Directions for this task - For this exercise, write out only the lines of the entries below from the one with "Stels в Уфе" up to and including the one with "网贷逾期会不会上门走访 网贷逾期后果是什么", exactly as they are. Pictures stay out.

Available data -

------------------------------------------------------------------------

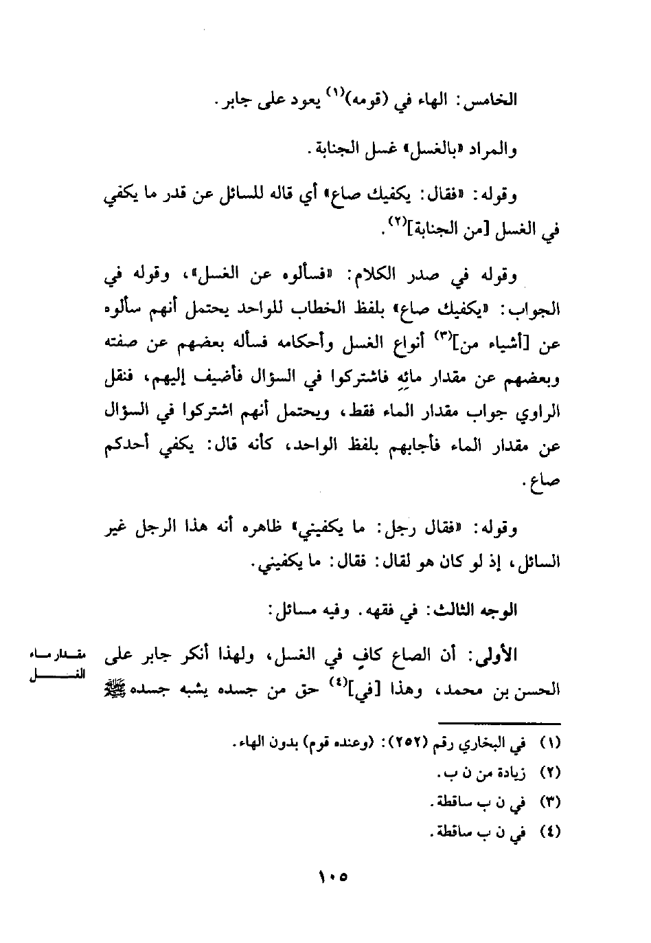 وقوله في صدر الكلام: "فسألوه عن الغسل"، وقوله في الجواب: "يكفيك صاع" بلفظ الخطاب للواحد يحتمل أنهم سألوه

------------------------------------------------------------------------

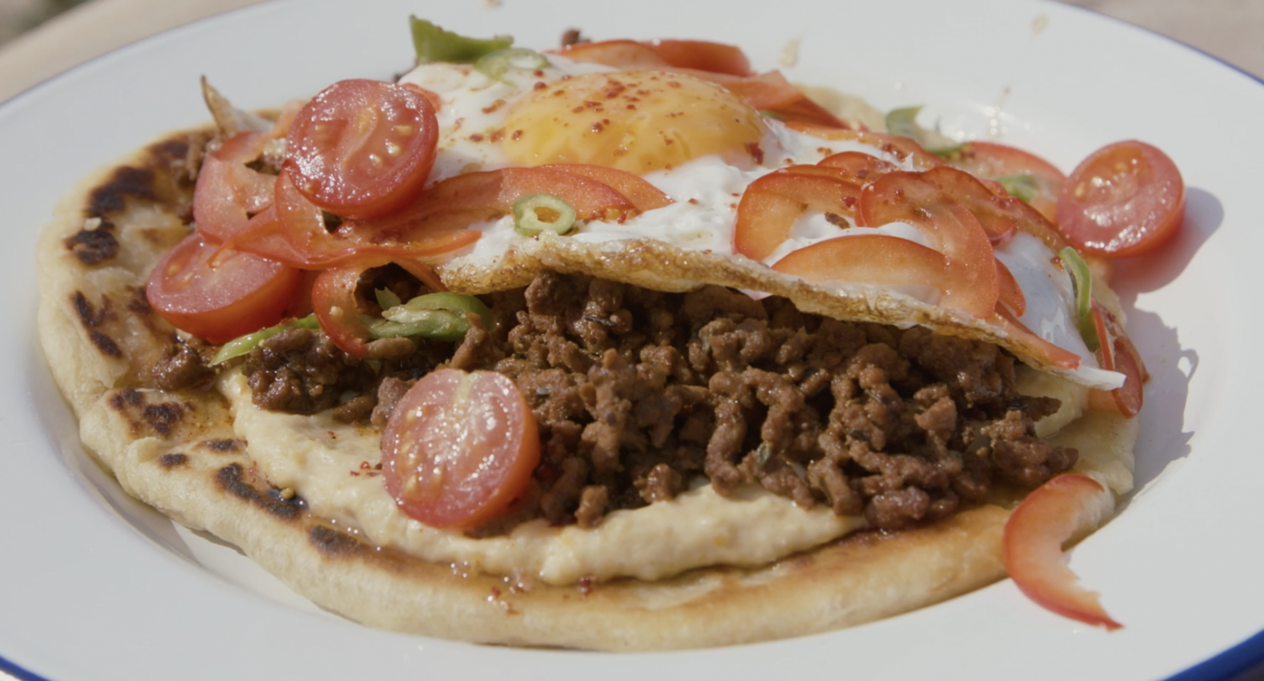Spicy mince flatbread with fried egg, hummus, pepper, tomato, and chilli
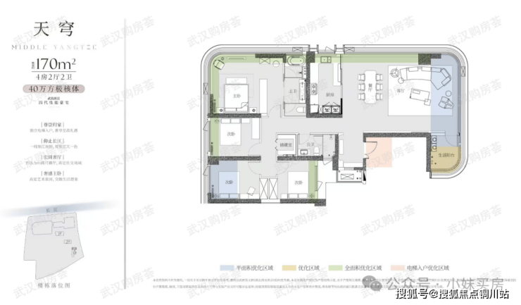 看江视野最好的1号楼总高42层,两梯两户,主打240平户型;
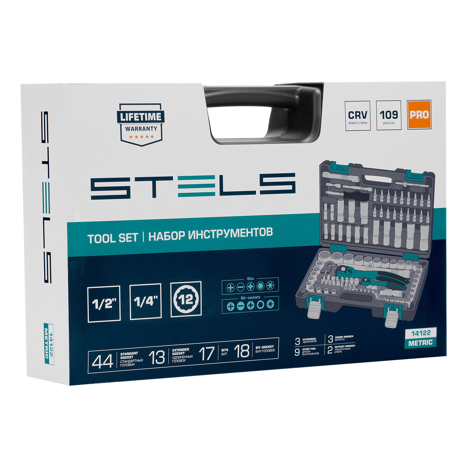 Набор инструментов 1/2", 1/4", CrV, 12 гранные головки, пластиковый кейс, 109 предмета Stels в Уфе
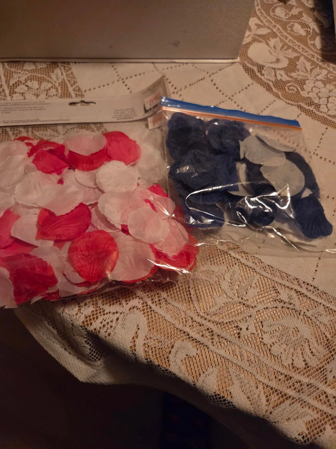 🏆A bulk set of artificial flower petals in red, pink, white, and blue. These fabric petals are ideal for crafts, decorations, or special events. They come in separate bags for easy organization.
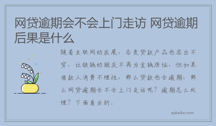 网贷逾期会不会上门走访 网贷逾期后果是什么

------------------------------------------------------------------------

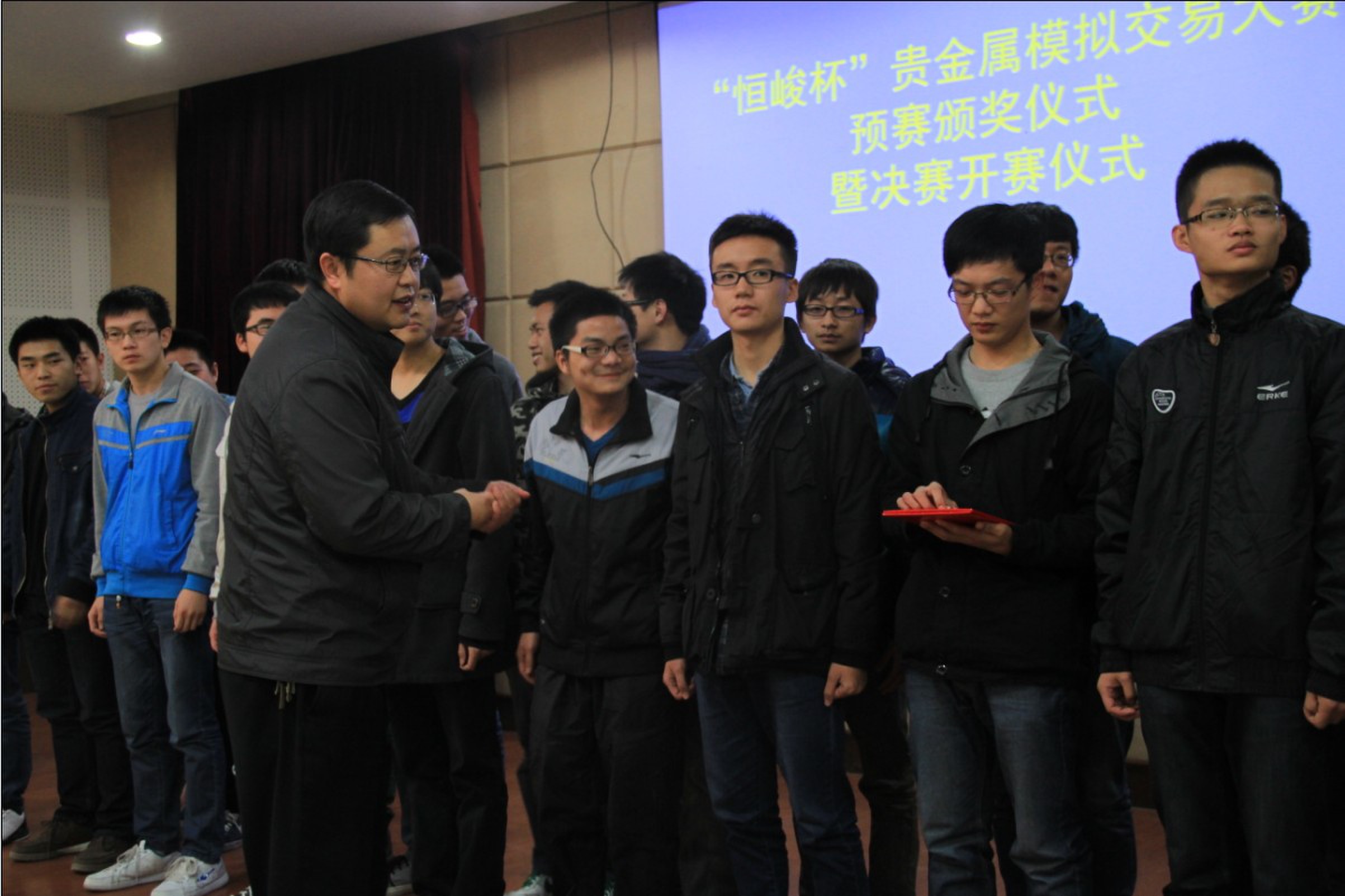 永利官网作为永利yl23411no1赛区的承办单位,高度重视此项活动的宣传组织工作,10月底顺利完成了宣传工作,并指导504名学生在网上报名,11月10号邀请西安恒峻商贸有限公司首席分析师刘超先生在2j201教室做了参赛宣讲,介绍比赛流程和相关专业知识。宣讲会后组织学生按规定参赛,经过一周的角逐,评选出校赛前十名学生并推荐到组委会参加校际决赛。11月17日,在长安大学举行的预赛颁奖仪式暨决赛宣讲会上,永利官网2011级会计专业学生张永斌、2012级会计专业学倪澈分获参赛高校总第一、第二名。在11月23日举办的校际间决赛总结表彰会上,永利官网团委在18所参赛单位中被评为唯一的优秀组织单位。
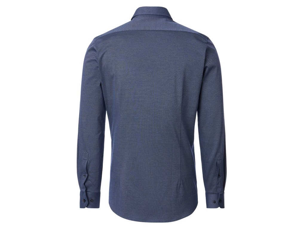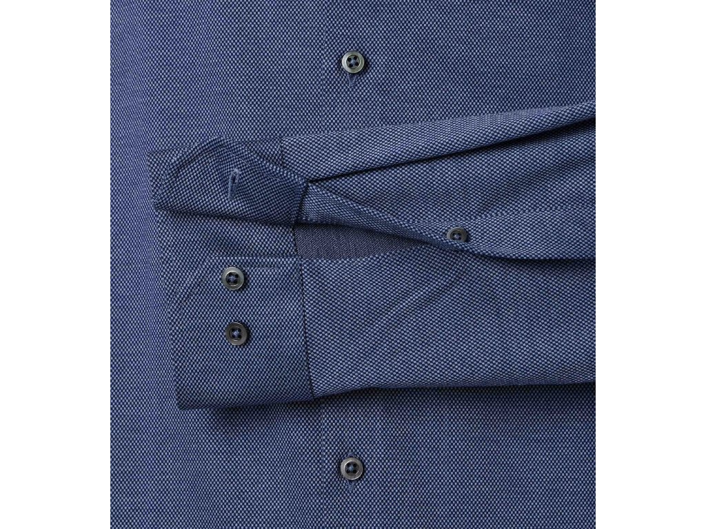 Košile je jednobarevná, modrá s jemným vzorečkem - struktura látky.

------------------------------------------------------------------------

Written response -
 Набор инструментов 1/2", 1/4", CrV, 12 гранные головки, пластиковый кейс, 109 предмета Stels в Уфе
 🏆A bulk set of artificial flower petals in red, pink, white, and blue. These fabric petals are ideal for crafts, decorations, or special events. They come in separate bags for easy organization.
 网贷逾期会不会上门走访 网贷逾期后果是什么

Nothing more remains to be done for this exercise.